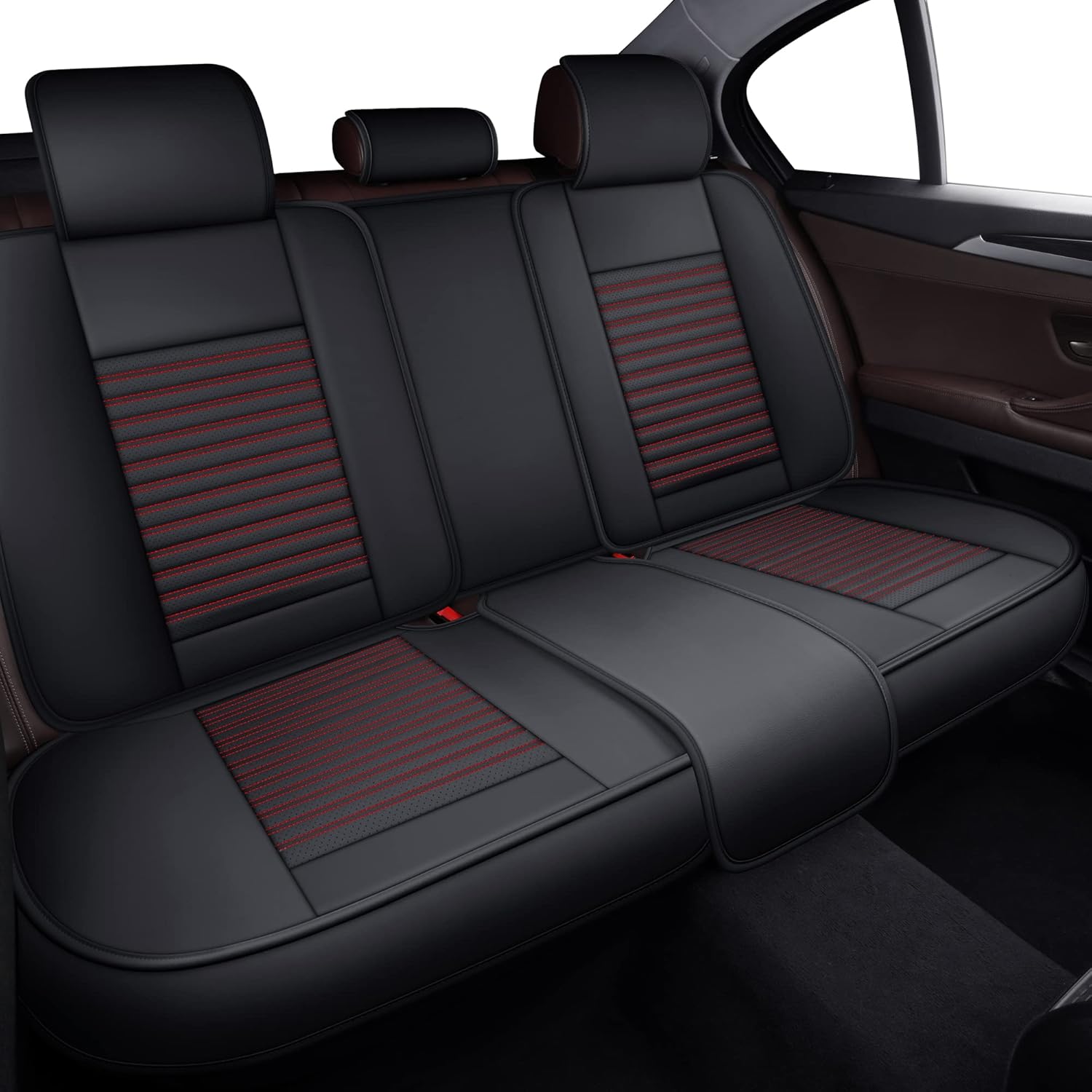 LINGVIDO Leather Car Seat Covers,Breathable and Waterproof Faux Leather Automotive Seat Covers for Cars SUV Pick-up Truck Sedan,Universal Anti-Slip Driver Seat Cover with Backrest (Rear Seat, Red)
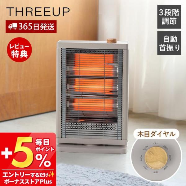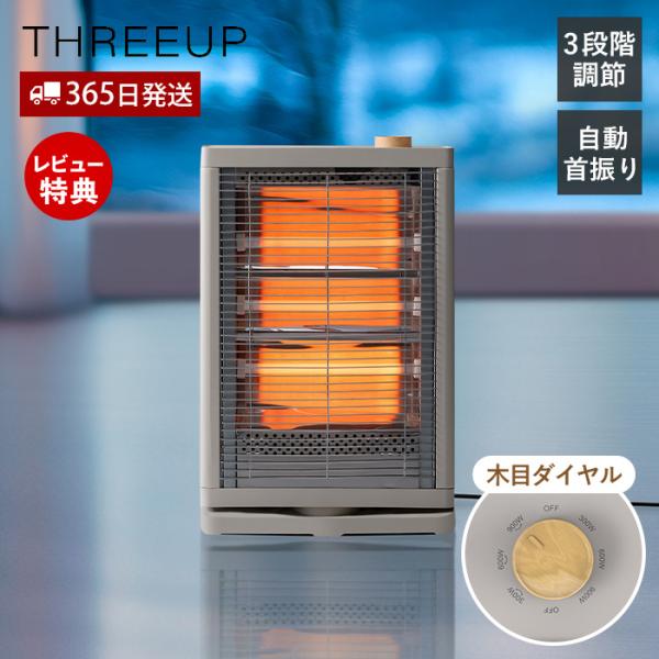 首振り 機能付 ストーブ 電気 おしゃれ 自動 オフ ヒーター スリム 暖房 木目 かわいい 軽量 北欧 3段階調節 DS-T2512 THREEUP WOOD STYLE
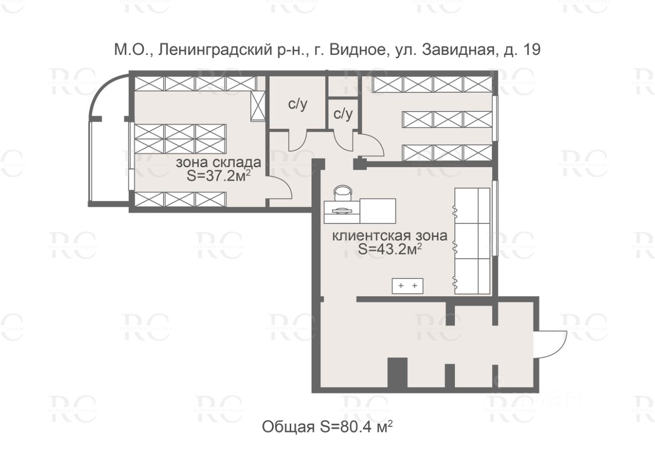 Планировкой предусмотрены: клиентская зона, два складских помещения, два санузла и входная группа. Также есть возможность сделать дополнительный отдельный вход.
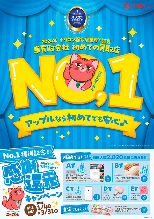 『 2024年 オリコン顧客満足度®調査 車買取会社 初めての買取店 NO.1 獲得記念!感謝還元キャンペーン 』
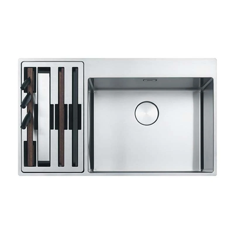 Finish your kitchen with the Franke Box Centre BWX 220-54-27 1.5 Bowl kitchen sink. It is a multifunctional sink that features fully accessorised workcentre with slim top edge profile. The Accessory set includes; 3 knives, 1 wood chopping board, 1 plastic sanitised chopping board, draining rack, colander and strainer bowl. It also comes complete with a pop-up waste and flush cover.
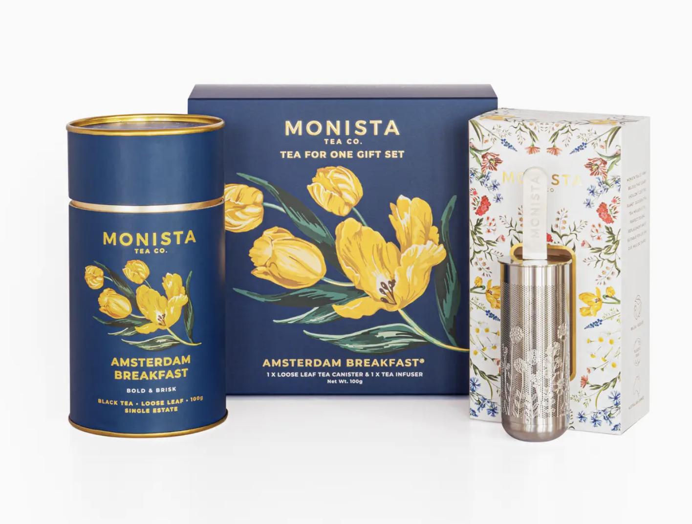 Monista’s Tea for One Gift Set includes a canister of Amsterdam Breakfast and a silver stick infuser.
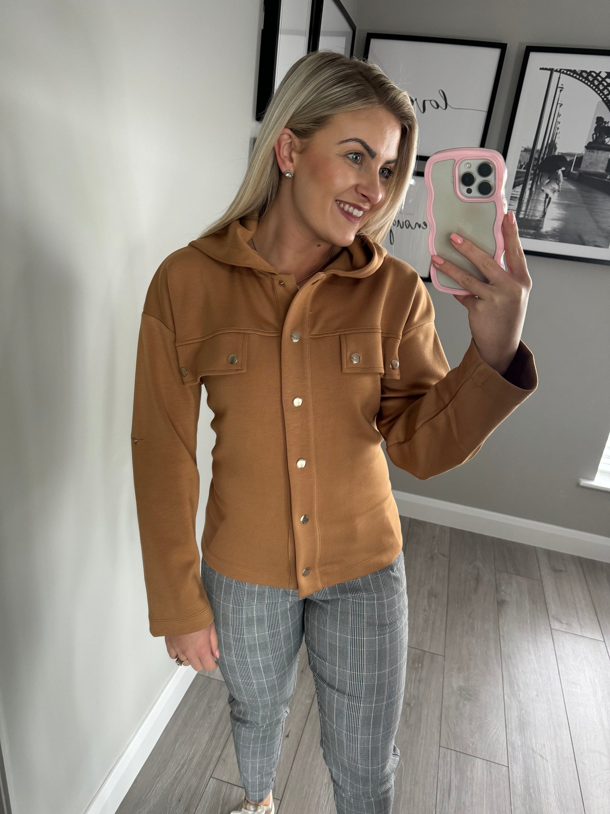 -Yest camel hooded jacket with gold hardware & pocket detail. In Yest classic travel fabric (soft touch, anti-wrinkle)
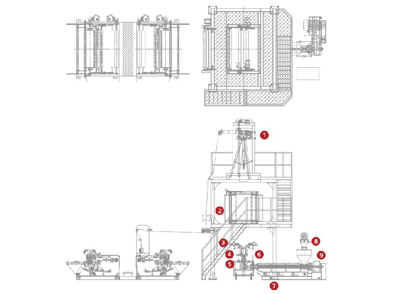 配置: 1)旋轉(zhuǎn)模頭 (600-2500MM), 固定模頭(3000MM) 2)雙收卷 3)壓花輥 (600-800MM) 4)插邊器 選配 1)自動吸料機(jī) 2)冷風(fēng)機(jī) 3)快速換網(wǎng)器/液壓換網(wǎng) 4)自動收卷(單收/雙收卷) 5)氣脹軸 6)牽引升降
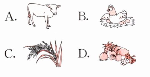 一、根据例子,选择食物的来源,将序号填入对应的括号内。(有一项重复)
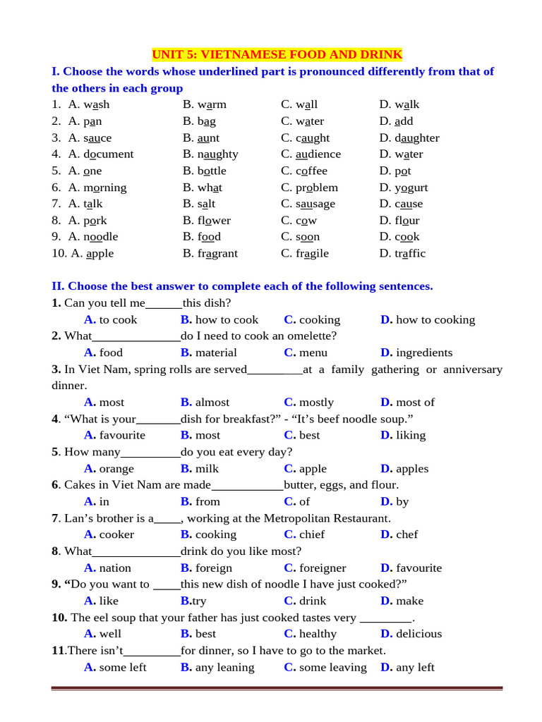 UNIT 5: VIETNAMESE FOOD AND DRINK
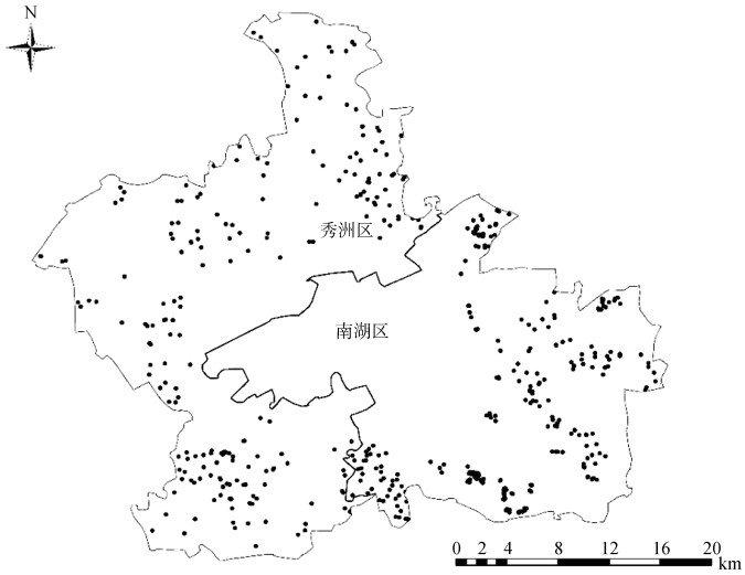 1 材料与方法 1.1 研究区概况研究区为嘉兴市郊,位于浙江省东北部、杭嘉湖平原腹心地带,具体包括南湖区和秀洲区进行农业生产的各5个乡镇。嘉兴市以粮食种植为主,占比长期在60% 以上,粮食作物以水稻为主,此外还盛产蔬菜、瓜果。研究区年均气温为17.9 ℃,年降水量为1 637.9 mm,属于典型的亚热带季风气候,土壤类型以水稻土和潮土为主。
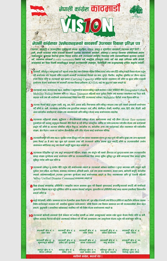 The Nepali Congress candidates for the House of Representatives in the federal capital, Kathmandu Valley, have made public the “Nepali Congress Kathmandu Valley Development Commitment Letter: Vision 10.”
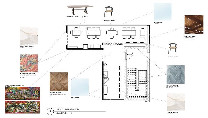 Left: Level One Two Plan Right Bottom: Level Two Conference Room Elevation, Sketch and Photos of FF&E
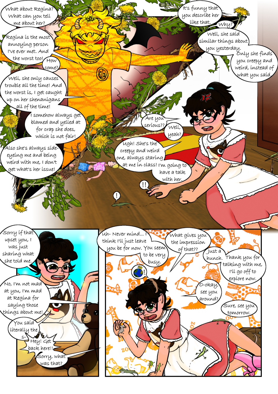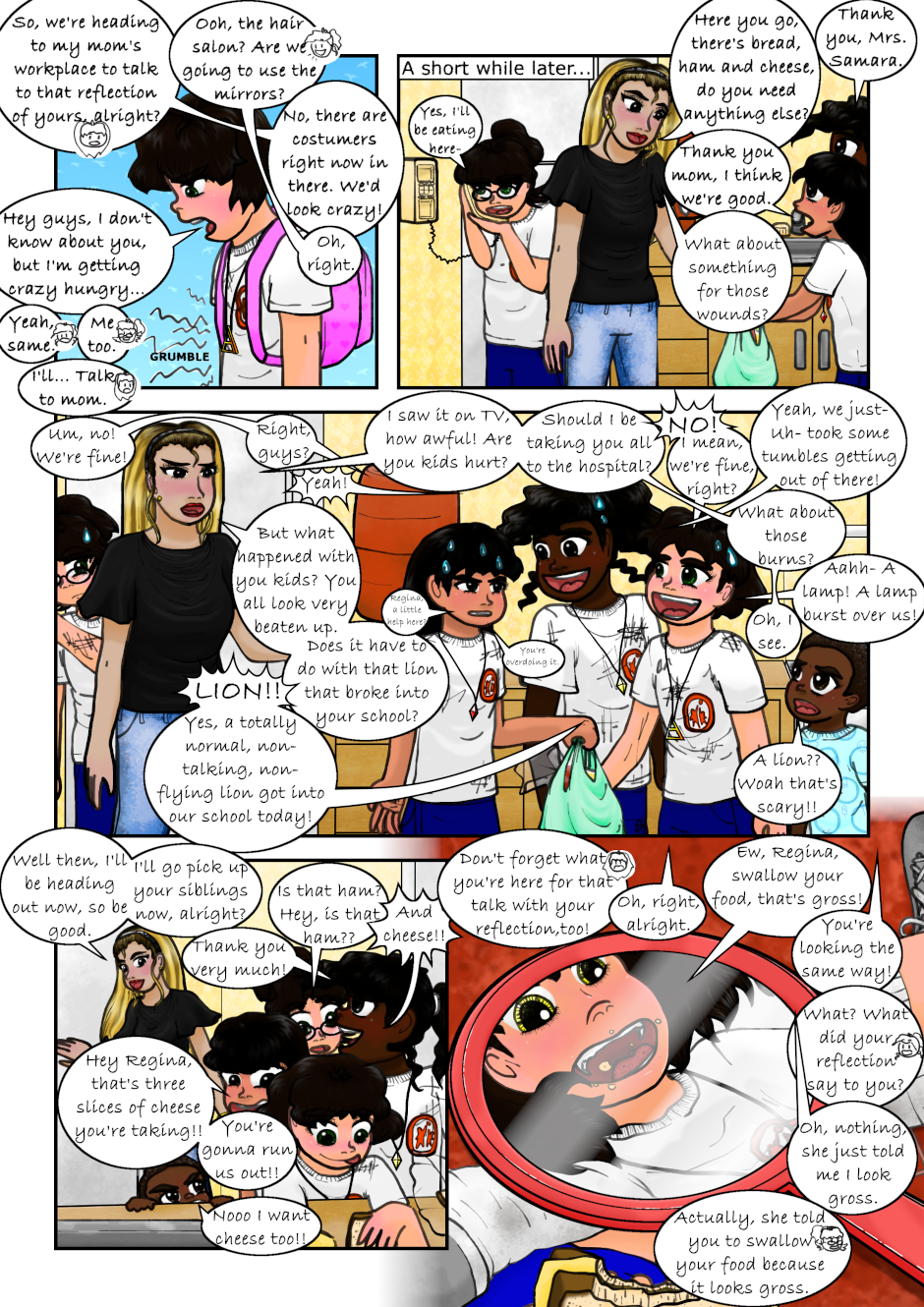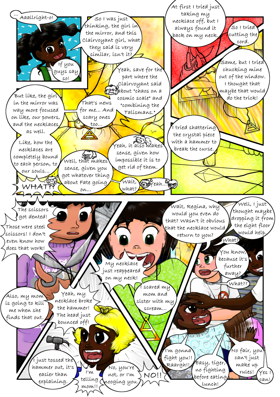 The Clairvoyant told Regina she has to seek the Air Necklace to guard it, and told her to find the Warriors. Regina accidentally found a magical necklace that made her and a couple of her classmates turn into magical girls. Also, a talking flying lion is after them. Not to mention Regina's reflection speaks to her now. What a mess, can anyone Regina, Mariana or Tondra what is going on?
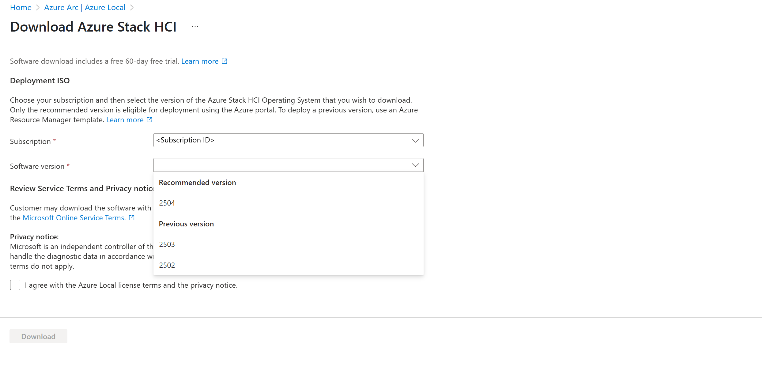 This article describes how to download the operating system (OS) software from the Azure portal to deploy an Azure Local instance.
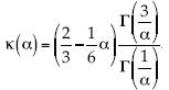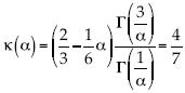 , así que en la distribución b = 5a. La potencia de la velocidad σ(α) = 1, por lo tanto coincide con la de Kolmogorov. El cociente de funciones gammas puede expresarse como una función Pochhammer
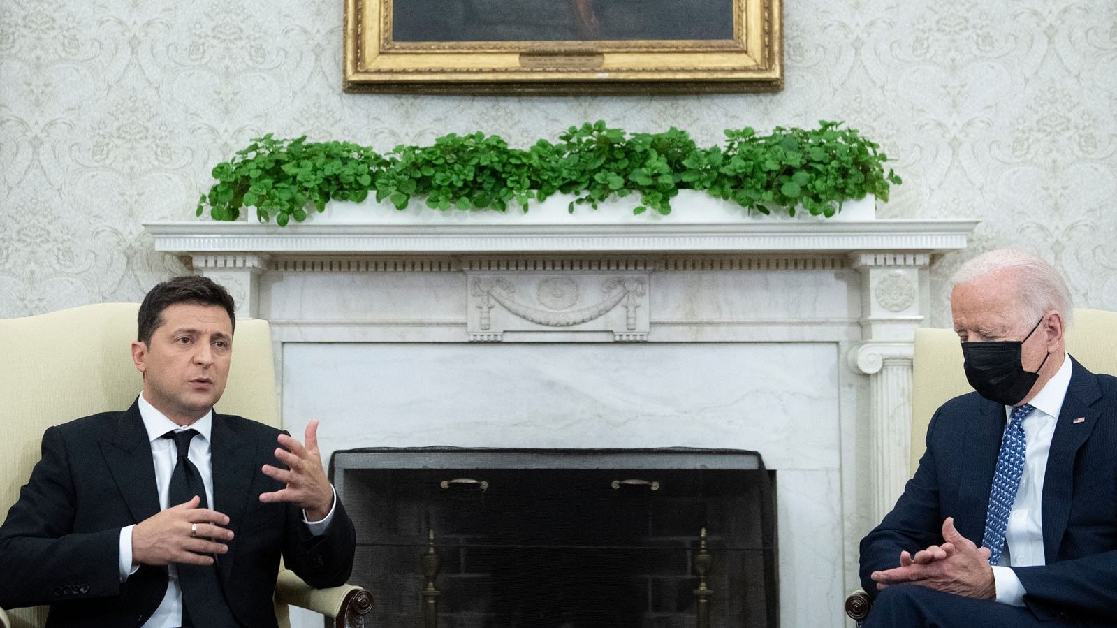 وقال بايدن لدى استقباله ضيفه في المكتب البيضاوي، إن "الولايات المتحدة لا تزال مصممة على دعم سيادة أوكرانيا ووحدة أراضيها في مواجهة العدوان الروسي".
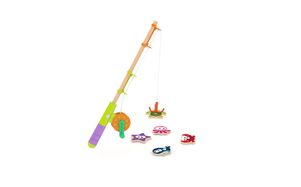 Parti per la tua prima avventura di pesca! Questo set in legno offre un divertimento semplice e coinvolgente che favorisce concentrazione e pazienza. La canna magnetica rende facile catturare i pesciolini, così il gioco è adatto anche ai più piccoli.
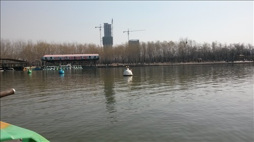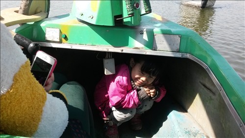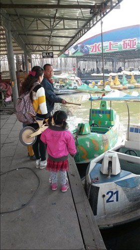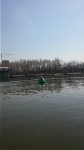 咦,宝宝怎么跑到下面去了呢?原来呀是因为好几次都在离目标太近的地方打中,所以水流直接淋到了船上,这座位上全都湿透,没有办法再坐了,当然我们的衣服也受到了攻击。宝宝是因为害怕被水淋着,所以自己躲到了下面,还真能想得出来,自己找了一个安全的地方躲藏。 看看宝宝的表情,宝宝在说,太可怕了,我不想再坐船了。呵呵,配上这样的表情确实感觉很搞怪呀。 总算离得远的时候安全打中了,看看这水势不小吧。 玩得差不多了,开回码头,我让宝宝去退钱。不过,宝宝在远处看着我,做着很无奈的动作,我过去一看,原来是因为窗口太高宝宝够不着呀。怪不得呢,看来还是自己来吧。 玩也玩够了,该回家了。幸好当天的天气比较热,所以衣服湿了一会就晾干了,不要紧,要不感冒了可不太好呀。
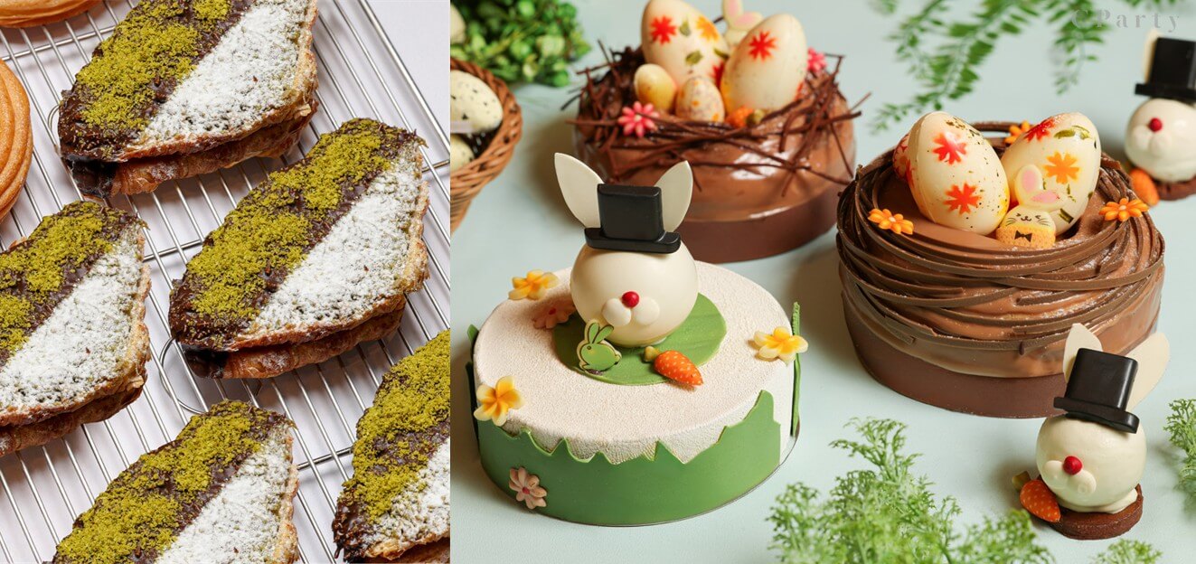 圖右為法籍甜點行政主廚羅倫設計的復活節造型甜點,「邦尼花園派對水果慕斯」以鬆軟香醇的巧克力海綿蛋糕為底,依序堆疊上巧克力脆片、柚香草莓檸檬醬和白巧克力慕斯。圖左是韓國人氣烘焙品牌Teddy Beurre House的「杜拜巧克力可頌」。(圖片來源/台北晶華酒店)

» Problem details: Send back every record exactly as it stands, except the pictures.

» Output of the exercise:
 LINGVIDO Leather Car Seat Covers,Breathable and Waterproof Faux Leather Automotive Seat Covers for Cars SUV Pick-up Truck Sedan,Universal Anti-Slip Driver Seat Cover with Backrest (Rear Seat, Red)
 首振り 機能付 ストーブ 電気 おしゃれ 自動 オフ ヒーター スリム 暖房 木目 かわいい 軽量 北欧 3段階調節 DS-T2512 THREEUP WOOD STYLE
 Планировкой предусмотрены: клиентская зона, два складских помещения, два санузла и входная группа. Также есть возможность сделать дополнительный отдельный вход.
 『 2024年 オリコン顧客満足度®調査 車買取会社 初めての買取店 NO.1 獲得記念!感謝還元キャンペーン 』
 Finish your kitchen with the Franke Box Centre BWX 220-54-27 1.5 Bowl kitchen sink. It is a multifunctional sink that features fully accessorised workcentre with slim top edge profile. The Accessory set includes; 3 knives, 1 wood chopping board, 1 plastic sanitised chopping board, draining rack, colander and strainer bowl. It also comes complete with a pop-up waste and flush cover.
 Monista’s Tea for One Gift Set includes a canister of Amsterdam Breakfast and a silver stick infuser.
 -Yest camel hooded jacket with gold hardware & pocket detail. In Yest classic travel fabric (soft touch, anti-wrinkle)
 配置: 1)旋轉(zhuǎn)模頭 (600-2500MM), 固定模頭(3000MM) 2)雙收卷 3)壓花輥 (600-800MM) 4)插邊器 選配 1)自動吸料機(jī) 2)冷風(fēng)機(jī) 3)快速換網(wǎng)器/液壓換網(wǎng) 4)自動收卷(單收/雙收卷) 5)氣脹軸 6)牽引升降
 一、根据例子,选择食物的来源,将序号填入对应的括号内。(有一项重复)
 UNIT 5: VIETNAMESE FOOD AND DRINK
 1 材料与方法 1.1 研究区概况研究区为嘉兴市郊,位于浙江省东北部、杭嘉湖平原腹心地带,具体包括南湖区和秀洲区进行农业生产的各5个乡镇。嘉兴市以粮食种植为主,占比长期在60% 以上,粮食作物以水稻为主,此外还盛产蔬菜、瓜果。研究区年均气温为17.9 ℃,年降水量为1 637.9 mm,属于典型的亚热带季风气候,土壤类型以水稻土和潮土为主。
 The Nepali Congress candidates for the House of Representatives in the federal capital, Kathmandu Valley, have made public the “Nepali Congress Kathmandu Valley Development Commitment Letter: Vision 10.”
 Left: Level One Two Plan Right Bottom: Level Two Conference Room Elevation, Sketch and Photos of FF&E
 The Clairvoyant told Regina she has to seek the Air Necklace to guard it, and told her to find the Warriors. Regina accidentally found a magical necklace that made her and a couple of her classmates turn into magical girls. Also, a talking flying lion is after them. Not to mention Regina's reflection speaks to her now. What a mess, can anyone Regina, Mariana or Tondra what is going on?
 This article describes how to download the operating system (OS) software from the Azure portal to deploy an Azure Local instance.
 , así que en la distribución b = 5a. La potencia de la velocidad σ(α) = 1, por lo tanto coincide con la de Kolmogorov. El cociente de funciones gammas puede expresarse como una función Pochhammer
 وقال بايدن لدى استقباله ضيفه في المكتب البيضاوي، إن "الولايات المتحدة لا تزال مصممة على دعم سيادة أوكرانيا ووحدة أراضيها في مواجهة العدوان الروسي".
 Parti per la tua prima avventura di pesca! Questo set in legno offre un divertimento semplice e coinvolgente che favorisce concentrazione e pazienza. La canna magnetica rende facile catturare i pesciolini, così il gioco è adatto anche ai più piccoli.
 咦,宝宝怎么跑到下面去了呢?原来呀是因为好几次都在离目标太近的地方打中,所以水流直接淋到了船上,这座位上全都湿透,没有办法再坐了,当然我们的衣服也受到了攻击。宝宝是因为害怕被水淋着,所以自己躲到了下面,还真能想得出来,自己找了一个安全的地方躲藏。 看看宝宝的表情,宝宝在说,太可怕了,我不想再坐船了。呵呵,配上这样的表情确实感觉很搞怪呀。 总算离得远的时候安全打中了,看看这水势不小吧。 玩得差不多了,开回码头,我让宝宝去退钱。不过,宝宝在远处看着我,做着很无奈的动作,我过去一看,原来是因为窗口太高宝宝够不着呀。怪不得呢,看来还是自己来吧。 玩也玩够了,该回家了。幸好当天的天气比较热,所以衣服湿了一会就晾干了,不要紧,要不感冒了可不太好呀。
 圖右為法籍甜點行政主廚羅倫設計的復活節造型甜點,「邦尼花園派對水果慕斯」以鬆軟香醇的巧克力海綿蛋糕為底,依序堆疊上巧克力脆片、柚香草莓檸檬醬和白巧克力慕斯。圖左是韓國人氣烘焙品牌Teddy Beurre House的「杜拜巧克力可頌」。(圖片來源/台北晶華酒店)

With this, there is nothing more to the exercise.